In the end, though, Osama bin Laden remains a ghost of the past, and an excuse to avoid the problems of the present while trying to spot the problems of the future, like who steps into the void as leader. And because of the way things were done, Pakistan finds itself in a difficult place, trying to decide which media narrative to adopt - whether this was done with their cooperation and knowledge, or whether this was done without. Both ways have their pitfalls, for both Pakistan and the United States, and in either case, there will always be people looking to lionize and make a martyr out of the dead man. But there will also be others who are ready to declare the age of bin Laden is finished, and the world he inhabited no longer had room for him to grow. And there will be an inquiry about whether the United States acted in any sort of legal way in killing bin Laden.
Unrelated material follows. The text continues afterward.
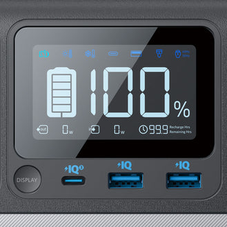Easily check your charging status with an informative LED display. Keep track of the cell capacity, current input and output, and the estimated time for the power station to recharge.

Elsewhere, a journalist went in undercover to write about the life experience of the chronically underemployed, and found that it contained a riptide that drags everyone out to sea. Furthermore, just about every investigation of Apple's manufacturing plants in China finds inhumane working conditions, wages, and schedules, and yet, we continue to buy Apple.
We also continue to let megacorporations sit on the boards of non-profits and use the non-profits as puppets, allow banks and other investment houses to control and speculate on the price of basic things, driving them up significantly, and put pressure on countries that aren't nearly as gung-ho about the adoption of genetically modified materials, all in the name of corporate profits.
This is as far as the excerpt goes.